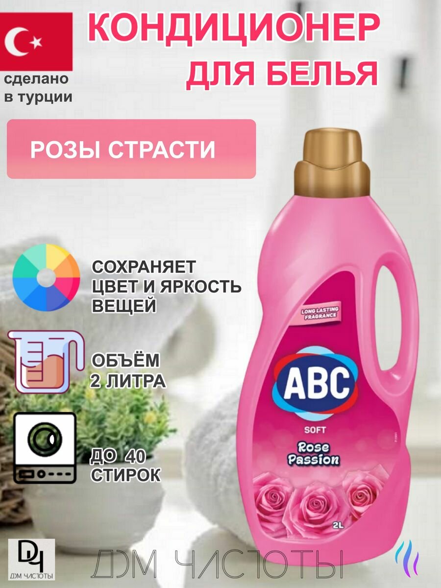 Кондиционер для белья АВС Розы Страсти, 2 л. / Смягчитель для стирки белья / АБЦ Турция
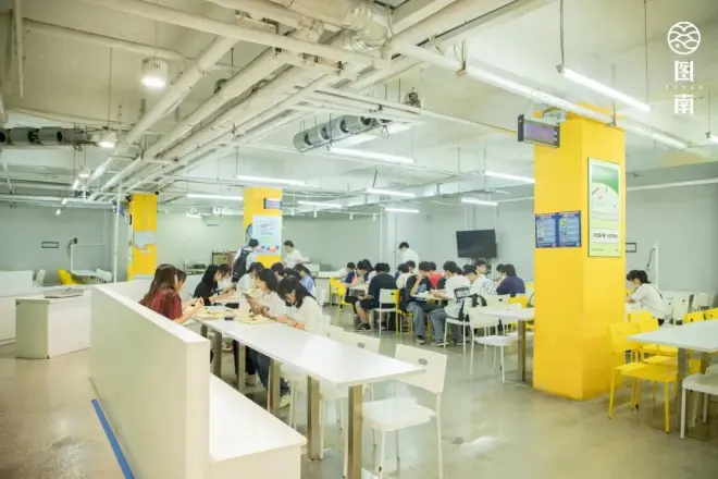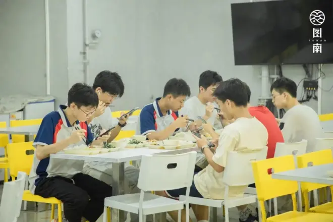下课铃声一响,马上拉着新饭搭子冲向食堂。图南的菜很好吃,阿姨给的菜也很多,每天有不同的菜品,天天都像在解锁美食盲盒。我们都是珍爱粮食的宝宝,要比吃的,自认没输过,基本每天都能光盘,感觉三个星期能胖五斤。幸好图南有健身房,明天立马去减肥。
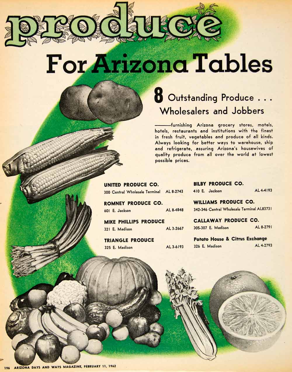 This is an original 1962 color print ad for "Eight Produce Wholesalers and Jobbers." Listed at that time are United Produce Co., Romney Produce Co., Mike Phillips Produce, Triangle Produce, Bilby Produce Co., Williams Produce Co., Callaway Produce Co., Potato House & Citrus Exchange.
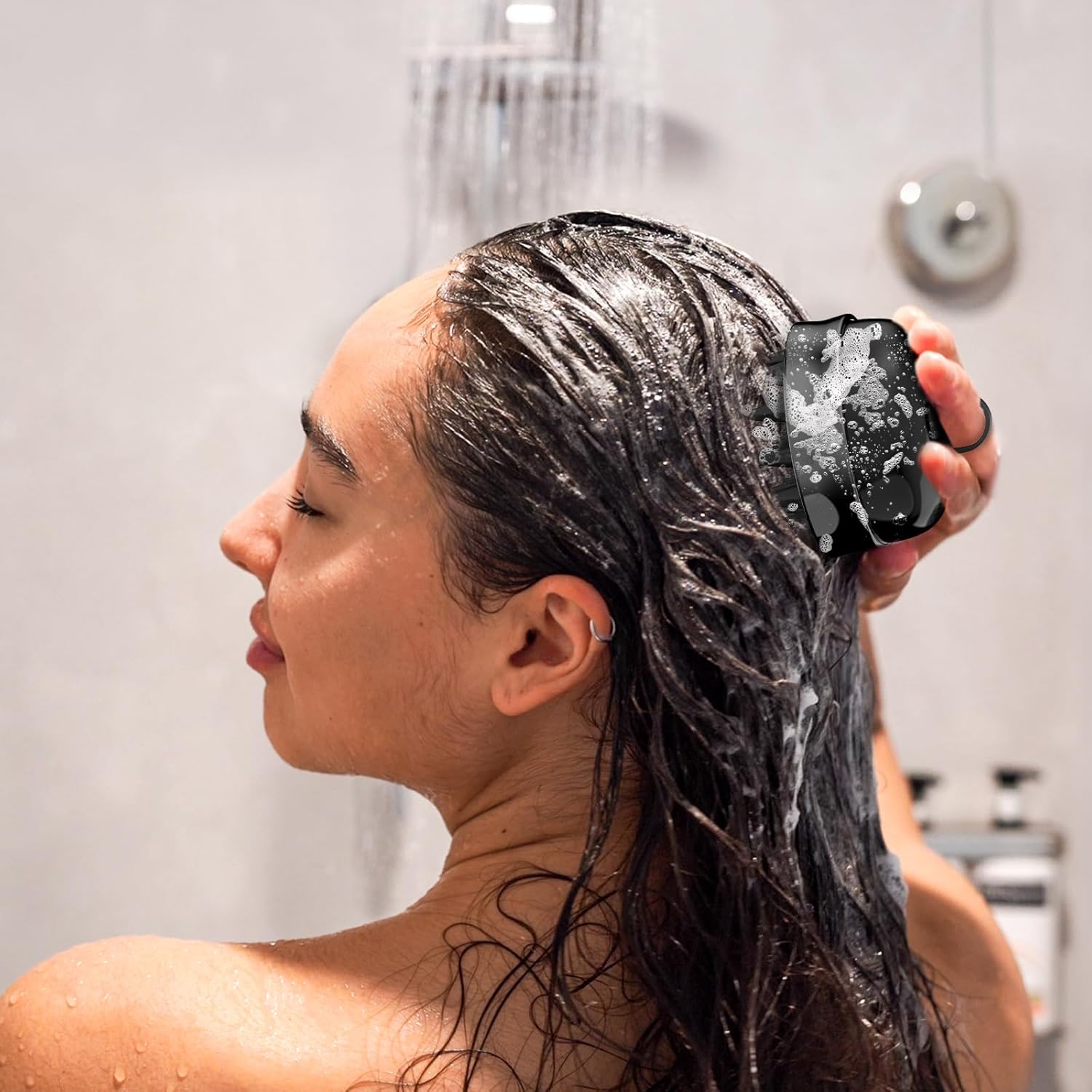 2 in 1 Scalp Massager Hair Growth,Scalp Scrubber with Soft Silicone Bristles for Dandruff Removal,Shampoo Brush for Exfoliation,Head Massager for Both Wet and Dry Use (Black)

########

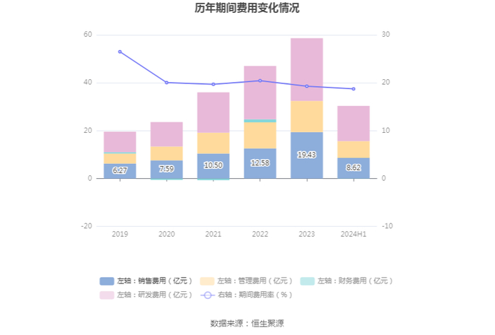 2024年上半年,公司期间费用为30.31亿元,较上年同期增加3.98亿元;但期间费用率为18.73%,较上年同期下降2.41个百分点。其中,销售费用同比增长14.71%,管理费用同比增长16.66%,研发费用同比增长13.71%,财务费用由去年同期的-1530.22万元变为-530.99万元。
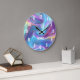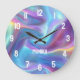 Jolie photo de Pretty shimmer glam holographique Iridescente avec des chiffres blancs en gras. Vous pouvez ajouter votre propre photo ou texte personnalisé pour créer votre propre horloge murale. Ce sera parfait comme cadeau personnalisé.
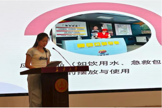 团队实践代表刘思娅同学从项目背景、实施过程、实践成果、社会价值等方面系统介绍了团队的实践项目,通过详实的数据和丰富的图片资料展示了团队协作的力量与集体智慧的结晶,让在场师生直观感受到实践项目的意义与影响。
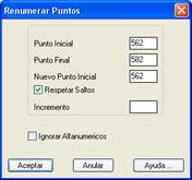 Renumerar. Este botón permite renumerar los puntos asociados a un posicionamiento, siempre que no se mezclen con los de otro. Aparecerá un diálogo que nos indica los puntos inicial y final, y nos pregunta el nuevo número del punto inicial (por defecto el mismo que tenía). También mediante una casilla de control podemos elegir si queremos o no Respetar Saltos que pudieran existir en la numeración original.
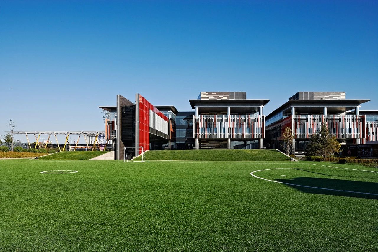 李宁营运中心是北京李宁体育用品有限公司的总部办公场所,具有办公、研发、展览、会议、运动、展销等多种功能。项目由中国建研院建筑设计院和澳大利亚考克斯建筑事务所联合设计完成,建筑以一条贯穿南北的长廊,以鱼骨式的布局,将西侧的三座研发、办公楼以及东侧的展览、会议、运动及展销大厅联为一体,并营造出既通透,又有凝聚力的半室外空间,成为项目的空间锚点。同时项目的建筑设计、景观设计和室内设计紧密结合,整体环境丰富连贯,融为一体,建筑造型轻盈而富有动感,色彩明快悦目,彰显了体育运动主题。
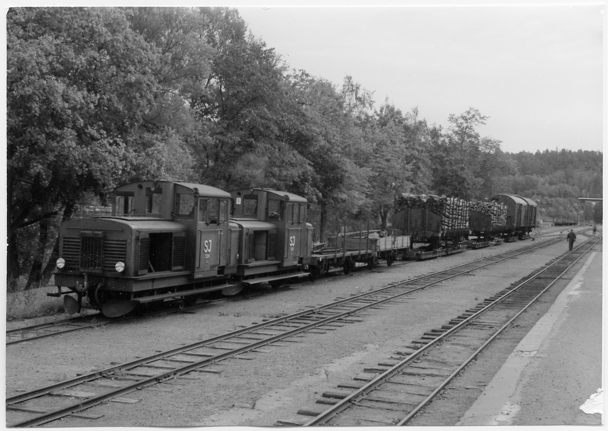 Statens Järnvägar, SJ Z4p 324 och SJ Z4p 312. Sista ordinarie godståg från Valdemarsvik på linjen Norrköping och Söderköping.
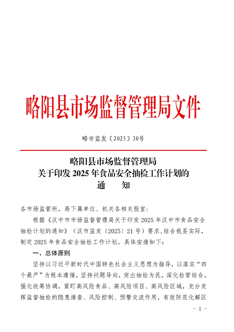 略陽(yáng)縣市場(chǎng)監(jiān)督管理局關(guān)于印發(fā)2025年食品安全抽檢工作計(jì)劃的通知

########

# Task instructions
In the material above, the stretch from the line with "下课铃声一响,马上拉着新饭搭" through the line with "This is an original" is to be given again exactly, minus the pictures.

# Result of this task
下课铃声一响,马上拉着新饭搭子冲向食堂。图南的菜很好吃,阿姨给的菜也很多,每天有不同的菜品,天天都像在解锁美食盲盒。我们都是珍爱粮食的宝宝,要比吃的,自认没输过,基本每天都能光盘,感觉三个星期能胖五斤。幸好图南有健身房,明天立马去减肥。
 This is an original 1962 color print ad for "Eight Produce Wholesalers and Jobbers." Listed at that time are United Produce Co., Romney Produce Co., Mike Phillips Produce, Triangle Produce, Bilby Produce Co., Williams Produce Co., Callaway Produce Co., Potato House & Citrus Exchange.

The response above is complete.